Child-Related Maintenance
- Be involved in the toilet training process. Inappropriate techniques such as punishment or shaming should not be used. It should be accomplished when the child is ready and in a spirit of cooperation and enthusiasm.
- Help with the cooking, cleaning, and laundry associated with your child.
Shared Interests
- Build off child’s demonstrated initiative and interests. Become an "expert" in their area of interest and facilitate exploratory, hands on learning.
Availability
- Be available for bed time routines, bathing, story time, play time, etc.
Planning
- Plan field trips that would be of interest to your child. A trip to the fireman station, post office, flower shop, apple orchard, bakery, animal farm, museum, etc. Allow for a lot of exploratory time. Bring things to the child’s level of understanding.
Shared Activities
- Play reciprocally with your toddler, modeling how to play imaginatively (playing jungle animals, fireman, house, etc.) and proper social roles and behaviors in certain settings.
- Read, sing, do finger plays, act out simple stories, etc with your child. Flannel boards or magnetic boards allow the child to manipulate the figures and tell their stories.
- Take your child to a park with small climbing equipment that he or she can go around, in, and out of with swings, and low slides. Facilitate large muscle play.
- Play in different mediums such as sand, water, rice, beans, etc, with your child.
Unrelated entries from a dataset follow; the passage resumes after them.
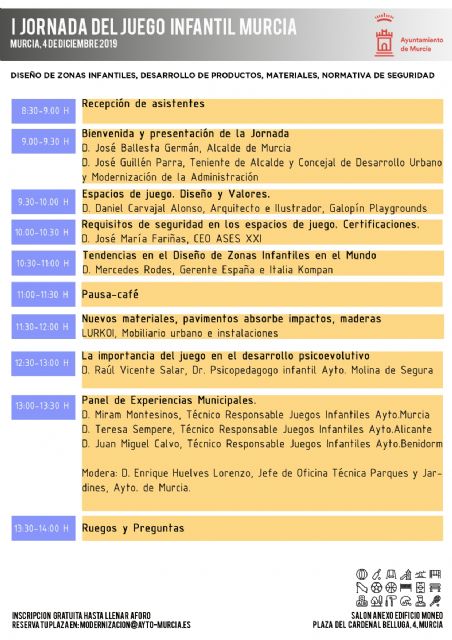 El consistorio organiza por primera vez en la ciudad el evento la I Jornada del Juego Infantil, que tendrá lugar el próximo 4 de diciembre en el Edificio Moneo. La jornada versará sobre las últimas tendencias en estos espacios lúdicos, proyectos, materiales y normativa de seguridad. "Las zonas infantiles son lugares en los que conviven diariamente personas de todas las edades y con distintas capacidades. Es por ello que su diseño es una prioridad para este consistorio, pues debemos confeccionar espacios sin barreras, adaptados a todos, lugares seguros y que promuevan la integración de todos los ciudadanos", explica José Guillén.
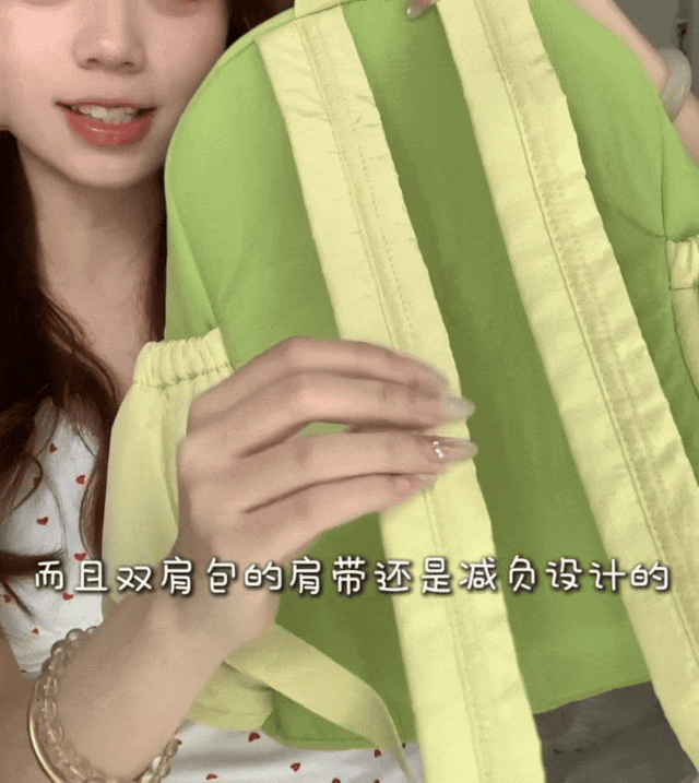 而且双肩包的肩带还是减负设计的,宽宽稳稳的,长时间背着都没那么容易“压肩”。
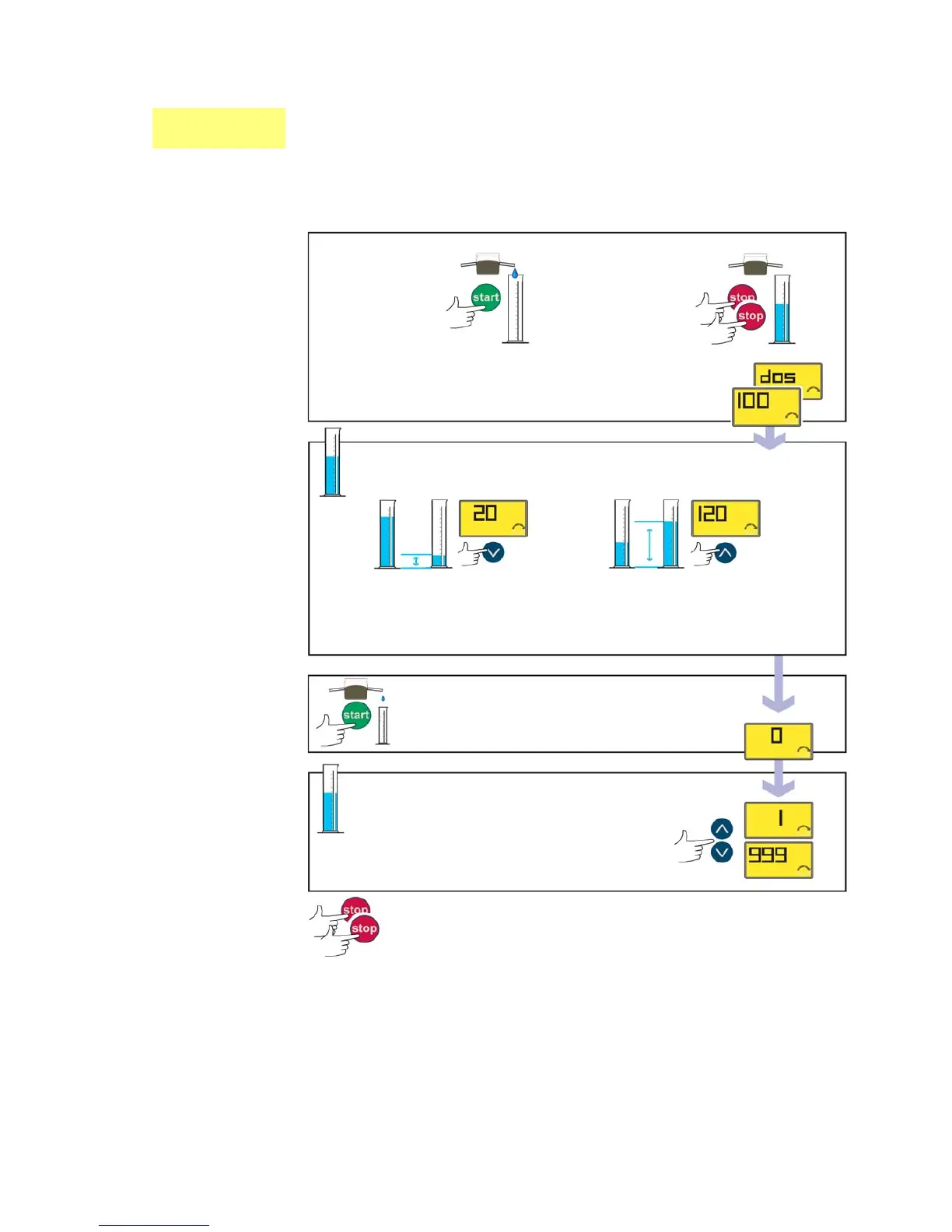 The pump can dispense a set quantity or dose of fluid each time the key is pressed.

Bring along funnels, measuring cups, waterwheel, shovels, buckets, etc....be creative and explore.
- Go exploring with your child in an empty field, at a park, in a new setting, etc. Follow their initiative and interests and build or scaffold on actions/ideas.
- Work together building a fort, making a tent, etc.
- Include your child in some of your outdoor tasks such as washing the car, weeding the garden, taking out the garbage, fixing the car.
Providing
- Provide child with large crayons, water color markers, large paper, clay, etc. for child to explore and manipulate art materials.
- Provide your child with simple books, pictures, puzzles, music, and time and space for active play such as jumping, running, and dancing.
- Providing unstructured materials for music, dance, and dramatic play enable your child to enjoy the process of creating their own ideas and solving their own problems.
Affection
- Bed time is a good time to cuddle, hug, and kiss your child.
Protection
- Install the car seat properly.
- Always buckle up your children in the backseat.
- Install Electrical outlet covers that are large enough not to be a choking hazard if taken out.
- Install cabinet and drawer locks on locations that contain dangerous materials such as cleaning chemicals, sharp tools or appliances, medicine cabinets, etc.
- Install window blind cord wraps designed to prevent strangulation from window blind cords.
- Many house plants can cause illness or death. Keep out of reach of children.
- Install a child gate to block off stairways, or places of the house you do not monitor regularity.
Supporting Emotionally
- Toddlers rely on adults to help them deal with their intense feelings and rapid fluctuations in moods. Adults must be especially careful to give toddlers many chances to figure things out for themselves, while remaining available to them if they ask for assistance.
- Toddlers struggle with independence, and dependence, initiative and passivity, self-awareness and confusion, confidence and doubt, etc. You need to be resourceful in providing your child with needed emotional security.